• _Data to examine_
Segment Open

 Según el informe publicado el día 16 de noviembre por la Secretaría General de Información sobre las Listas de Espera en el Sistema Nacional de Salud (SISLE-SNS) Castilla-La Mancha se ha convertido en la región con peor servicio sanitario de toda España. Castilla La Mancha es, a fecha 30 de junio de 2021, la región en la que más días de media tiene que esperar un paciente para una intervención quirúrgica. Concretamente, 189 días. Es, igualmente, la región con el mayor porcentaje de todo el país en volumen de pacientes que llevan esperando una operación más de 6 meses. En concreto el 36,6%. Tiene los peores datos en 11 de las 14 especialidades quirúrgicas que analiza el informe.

Segment Closed
Segment Open

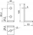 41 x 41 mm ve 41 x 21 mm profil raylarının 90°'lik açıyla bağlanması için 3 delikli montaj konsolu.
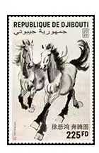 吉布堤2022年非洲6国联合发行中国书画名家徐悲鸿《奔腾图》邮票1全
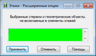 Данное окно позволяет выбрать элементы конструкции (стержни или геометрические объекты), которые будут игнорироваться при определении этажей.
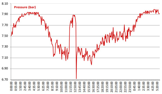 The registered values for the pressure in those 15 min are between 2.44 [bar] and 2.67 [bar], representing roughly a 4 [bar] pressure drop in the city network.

Segment Closed

A word-for-word reproduction is needed of the lines above from the line containing "吉布堤2022年非洲6国联合发行中国书画名家徐悲鸿《奔腾图》邮票1全" through the line containing "The registered values", with both ends kept and no pictures.

 吉布堤2022年非洲6国联合发行中国书画名家徐悲鸿《奔腾图》邮票1全
 Данное окно позволяет выбрать элементы конструкции (стержни или геометрические объекты), которые будут игнорироваться при определении этажей.
 The registered values for the pressure in those 15 min are between 2.44 [bar] and 2.67 [bar], representing roughly a 4 [bar] pressure drop in the city network.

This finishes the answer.